TASK DIRECTIONS.
Could you give the records below again exactly, without the pictures?

GIVEN DATA.

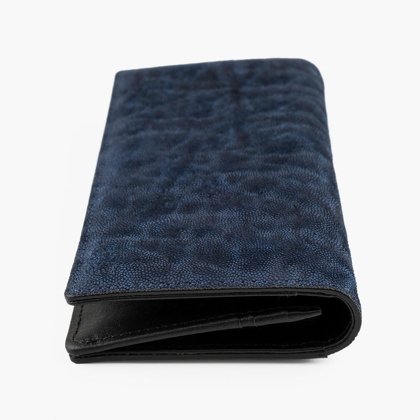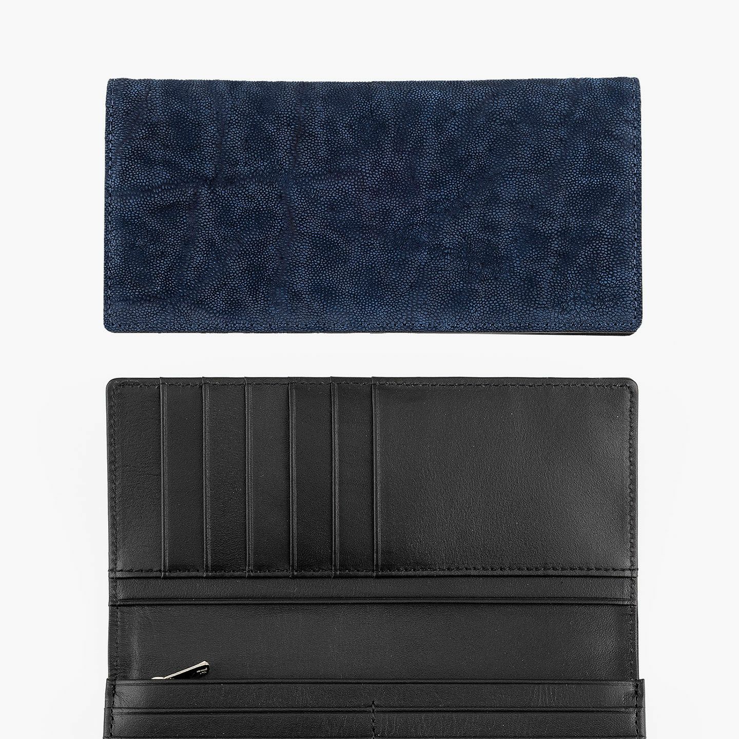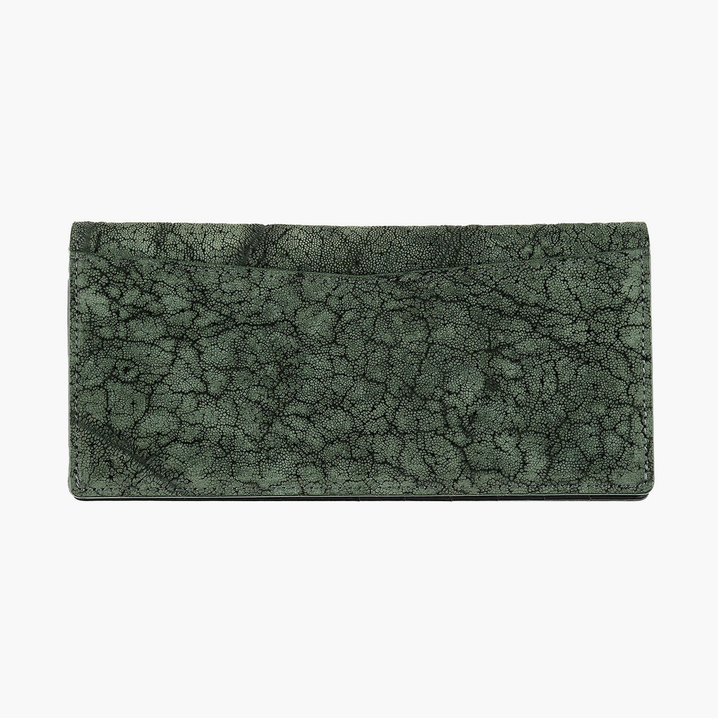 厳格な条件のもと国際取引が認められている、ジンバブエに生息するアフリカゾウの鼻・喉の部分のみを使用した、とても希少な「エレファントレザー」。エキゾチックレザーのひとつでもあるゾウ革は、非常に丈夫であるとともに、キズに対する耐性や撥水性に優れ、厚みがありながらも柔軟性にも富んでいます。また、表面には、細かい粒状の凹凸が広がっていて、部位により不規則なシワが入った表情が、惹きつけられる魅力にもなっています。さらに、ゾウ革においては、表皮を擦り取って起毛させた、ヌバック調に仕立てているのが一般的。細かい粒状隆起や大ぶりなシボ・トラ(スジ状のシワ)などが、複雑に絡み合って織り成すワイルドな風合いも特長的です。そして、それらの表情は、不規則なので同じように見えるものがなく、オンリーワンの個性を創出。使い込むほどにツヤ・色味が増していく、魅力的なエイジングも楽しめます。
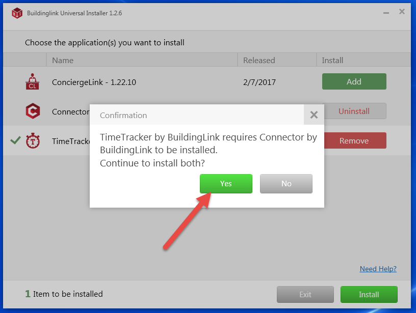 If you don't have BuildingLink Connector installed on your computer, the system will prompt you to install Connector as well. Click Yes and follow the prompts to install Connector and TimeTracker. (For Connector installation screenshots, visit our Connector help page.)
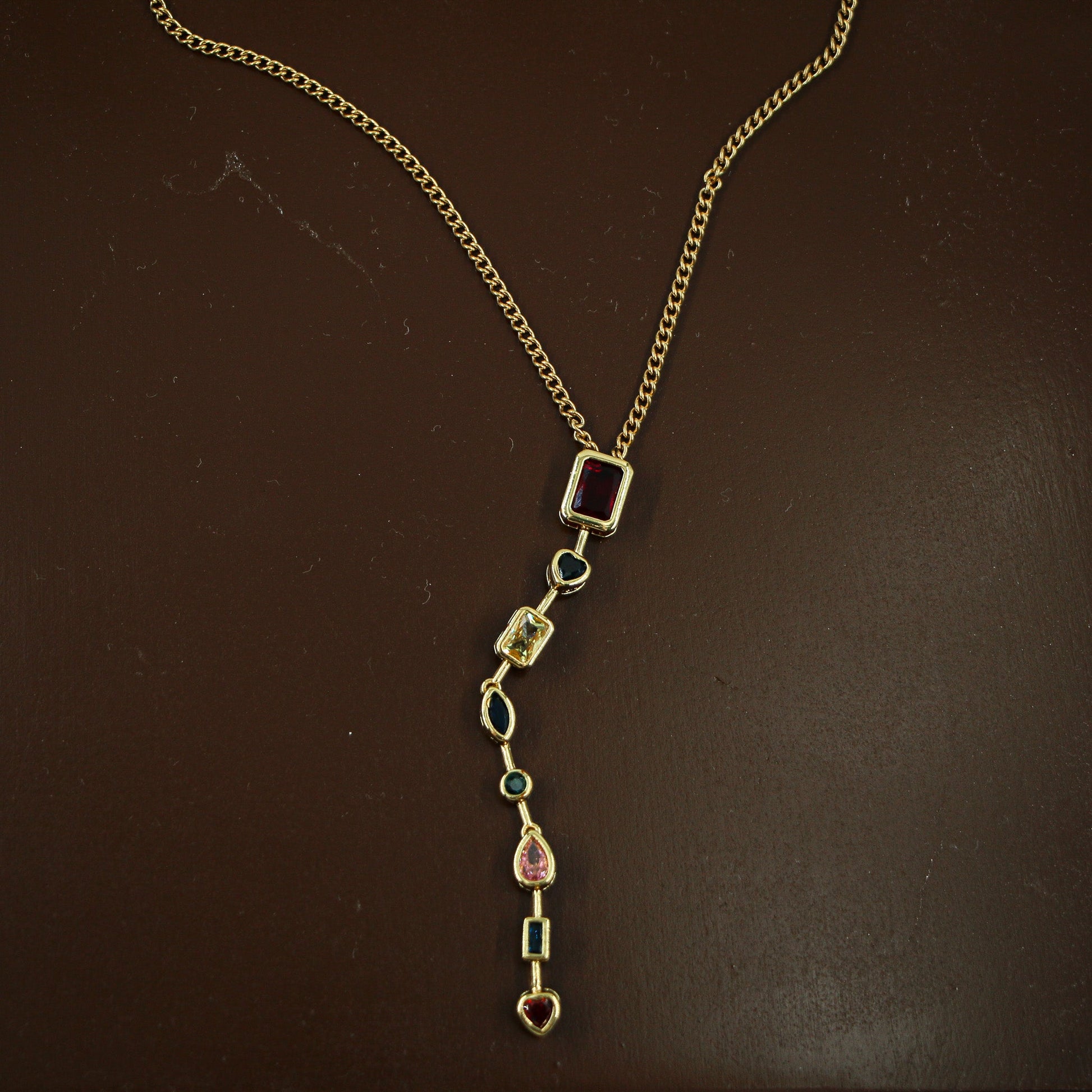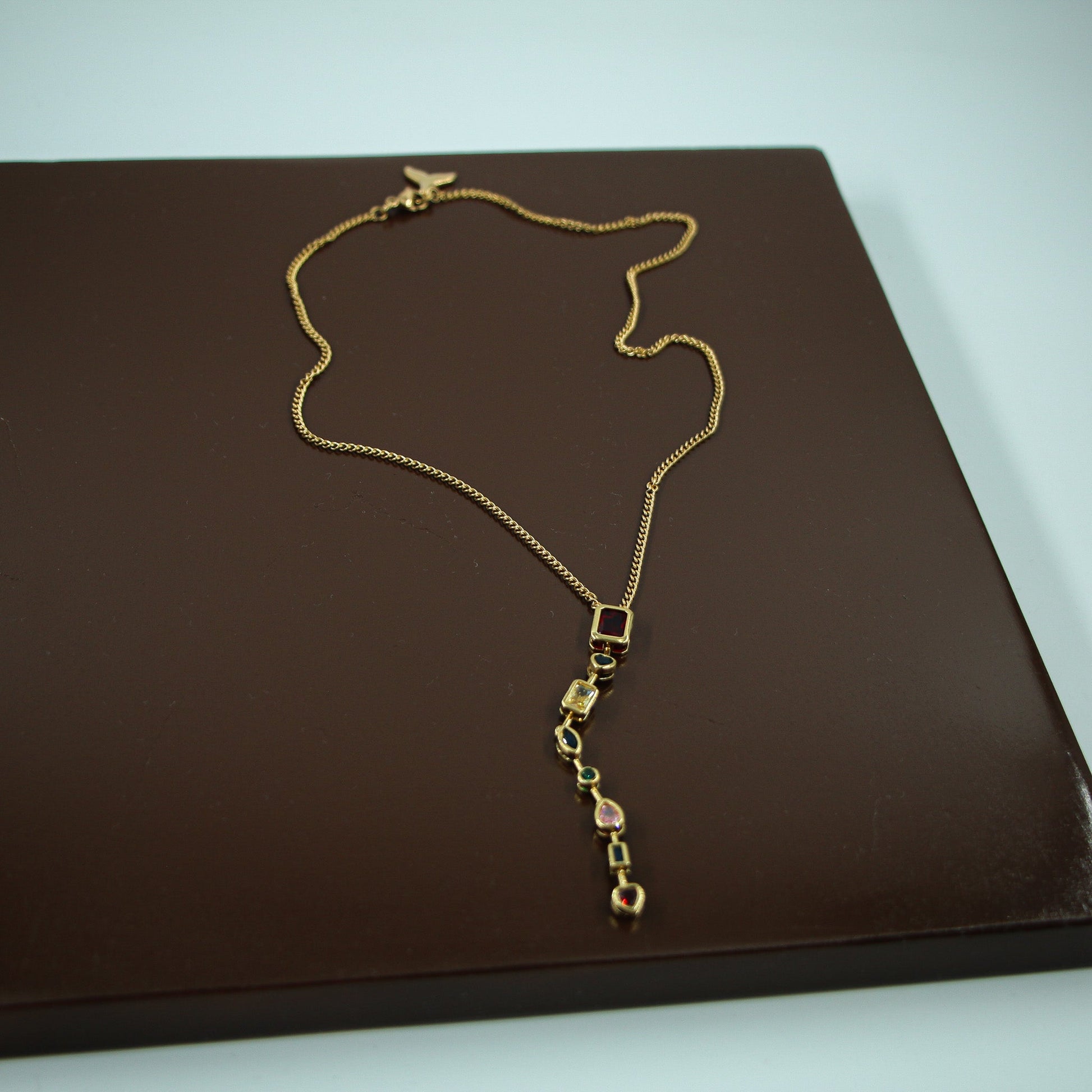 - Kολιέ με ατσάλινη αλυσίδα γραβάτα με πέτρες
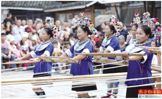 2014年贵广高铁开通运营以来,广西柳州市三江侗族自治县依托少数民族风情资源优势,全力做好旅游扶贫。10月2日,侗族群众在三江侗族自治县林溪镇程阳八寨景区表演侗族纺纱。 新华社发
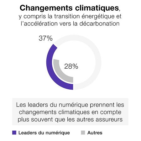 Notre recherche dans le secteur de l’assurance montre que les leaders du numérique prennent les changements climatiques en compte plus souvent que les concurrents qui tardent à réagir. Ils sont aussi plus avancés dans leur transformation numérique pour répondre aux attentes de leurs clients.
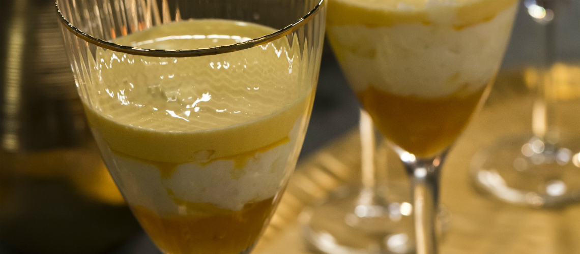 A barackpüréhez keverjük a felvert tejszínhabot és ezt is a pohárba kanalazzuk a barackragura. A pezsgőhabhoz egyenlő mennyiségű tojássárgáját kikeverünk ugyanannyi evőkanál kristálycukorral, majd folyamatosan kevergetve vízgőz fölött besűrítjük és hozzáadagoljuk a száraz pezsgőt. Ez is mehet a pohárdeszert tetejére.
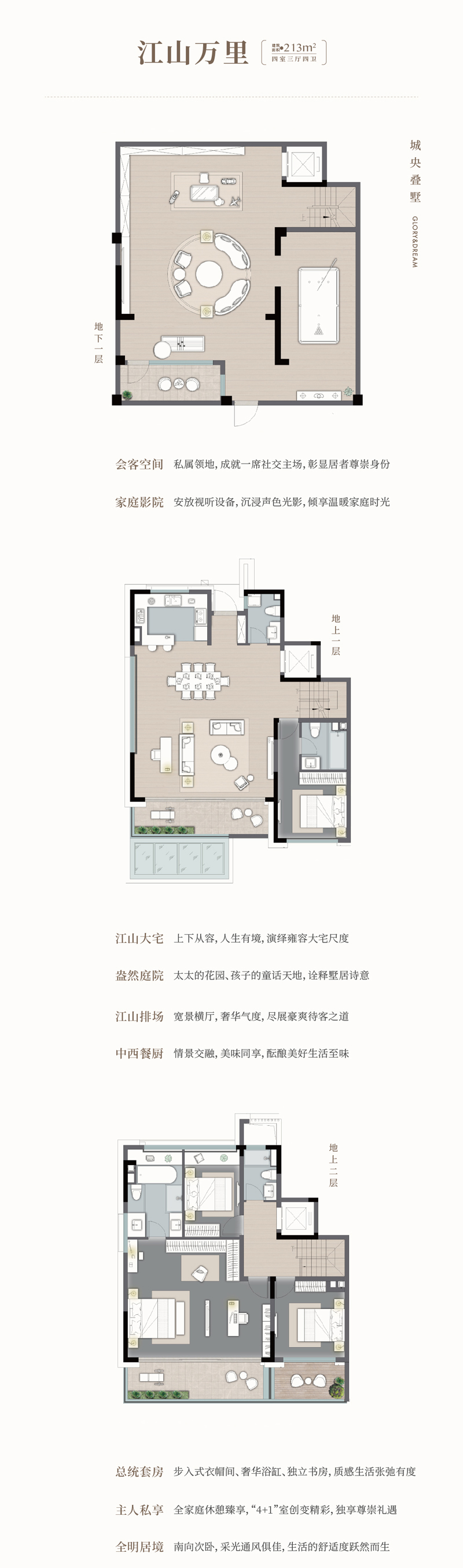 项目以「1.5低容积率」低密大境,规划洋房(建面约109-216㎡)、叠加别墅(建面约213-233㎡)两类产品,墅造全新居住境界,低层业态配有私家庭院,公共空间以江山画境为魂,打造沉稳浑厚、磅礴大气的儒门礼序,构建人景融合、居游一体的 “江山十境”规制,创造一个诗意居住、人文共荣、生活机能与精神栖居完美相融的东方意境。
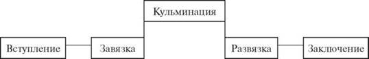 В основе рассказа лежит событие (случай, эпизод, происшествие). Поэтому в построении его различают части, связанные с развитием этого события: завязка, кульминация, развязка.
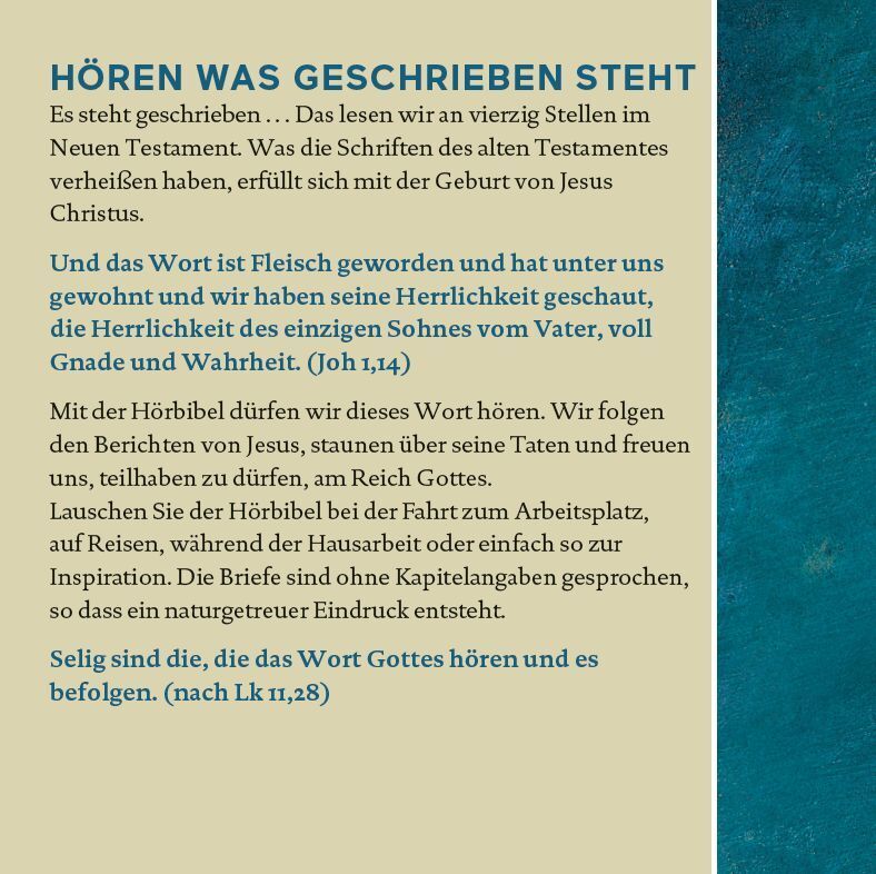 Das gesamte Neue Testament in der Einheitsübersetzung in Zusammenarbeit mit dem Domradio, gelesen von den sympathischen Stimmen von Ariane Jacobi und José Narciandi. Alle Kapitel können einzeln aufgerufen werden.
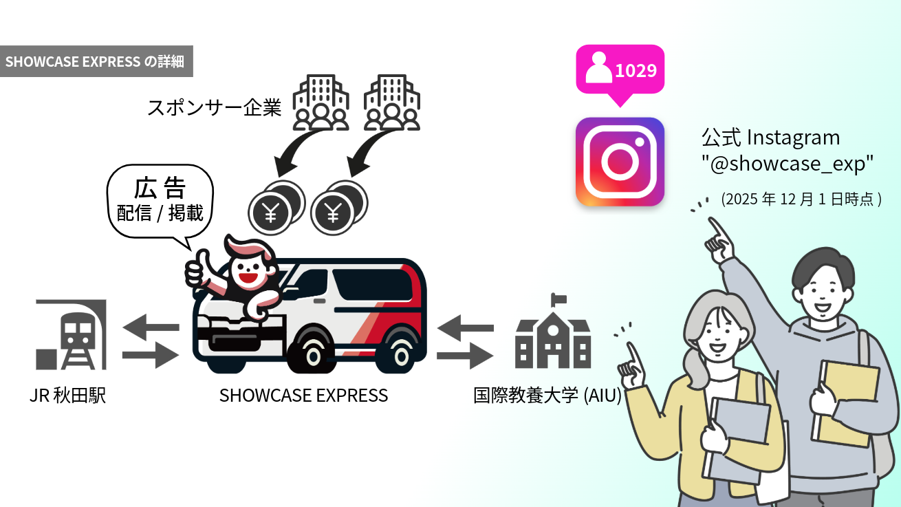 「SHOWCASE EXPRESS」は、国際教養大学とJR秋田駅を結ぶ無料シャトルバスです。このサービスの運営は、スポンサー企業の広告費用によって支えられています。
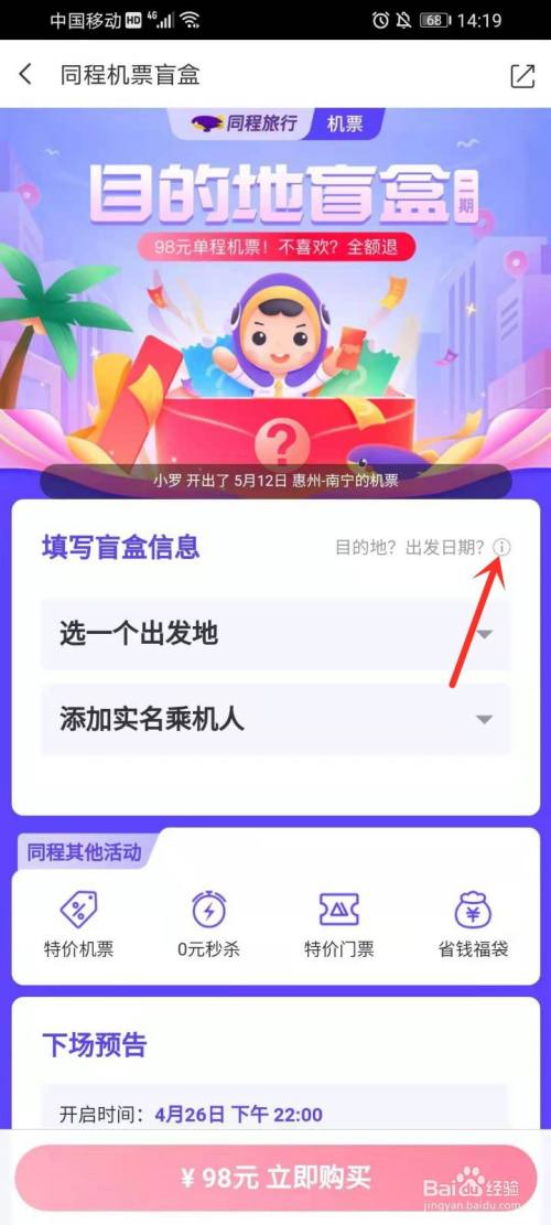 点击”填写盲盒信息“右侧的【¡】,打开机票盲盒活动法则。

FINAL ANSWER.
 厳格な条件のもと国際取引が認められている、ジンバブエに生息するアフリカゾウの鼻・喉の部分のみを使用した、とても希少な「エレファントレザー」。エキゾチックレザーのひとつでもあるゾウ革は、非常に丈夫であるとともに、キズに対する耐性や撥水性に優れ、厚みがありながらも柔軟性にも富んでいます。また、表面には、細かい粒状の凹凸が広がっていて、部位により不規則なシワが入った表情が、惹きつけられる魅力にもなっています。さらに、ゾウ革においては、表皮を擦り取って起毛させた、ヌバック調に仕立てているのが一般的。細かい粒状隆起や大ぶりなシボ・トラ(スジ状のシワ)などが、複雑に絡み合って織り成すワイルドな風合いも特長的です。そして、それらの表情は、不規則なので同じように見えるものがなく、オンリーワンの個性を創出。使い込むほどにツヤ・色味が増していく、魅力的なエイジングも楽しめます。
 If you don't have BuildingLink Connector installed on your computer, the system will prompt you to install Connector as well. Click Yes and follow the prompts to install Connector and TimeTracker. (For Connector installation screenshots, visit our Connector help page.)
 - Kολιέ με ατσάλινη αλυσίδα γραβάτα με πέτρες
 2014年贵广高铁开通运营以来,广西柳州市三江侗族自治县依托少数民族风情资源优势,全力做好旅游扶贫。10月2日,侗族群众在三江侗族自治县林溪镇程阳八寨景区表演侗族纺纱。 新华社发
 Notre recherche dans le secteur de l’assurance montre que les leaders du numérique prennent les changements climatiques en compte plus souvent que les concurrents qui tardent à réagir. Ils sont aussi plus avancés dans leur transformation numérique pour répondre aux attentes de leurs clients.
 A barackpüréhez keverjük a felvert tejszínhabot és ezt is a pohárba kanalazzuk a barackragura. A pezsgőhabhoz egyenlő mennyiségű tojássárgáját kikeverünk ugyanannyi evőkanál kristálycukorral, majd folyamatosan kevergetve vízgőz fölött besűrítjük és hozzáadagoljuk a száraz pezsgőt. Ez is mehet a pohárdeszert tetejére.
 项目以「1.5低容积率」低密大境,规划洋房(建面约109-216㎡)、叠加别墅(建面约213-233㎡)两类产品,墅造全新居住境界,低层业态配有私家庭院,公共空间以江山画境为魂,打造沉稳浑厚、磅礴大气的儒门礼序,构建人景融合、居游一体的 “江山十境”规制,创造一个诗意居住、人文共荣、生活机能与精神栖居完美相融的东方意境。
 В основе рассказа лежит событие (случай, эпизод, происшествие). Поэтому в построении его различают части, связанные с развитием этого события: завязка, кульминация, развязка.
 Das gesamte Neue Testament in der Einheitsübersetzung in Zusammenarbeit mit dem Domradio, gelesen von den sympathischen Stimmen von Ariane Jacobi und José Narciandi. Alle Kapitel können einzeln aufgerufen werden.
 「SHOWCASE EXPRESS」は、国際教養大学とJR秋田駅を結ぶ無料シャトルバスです。このサービスの運営は、スポンサー企業の広告費用によって支えられています。
 点击”填写盲盒信息“右侧的【¡】,打开机票盲盒活动法则。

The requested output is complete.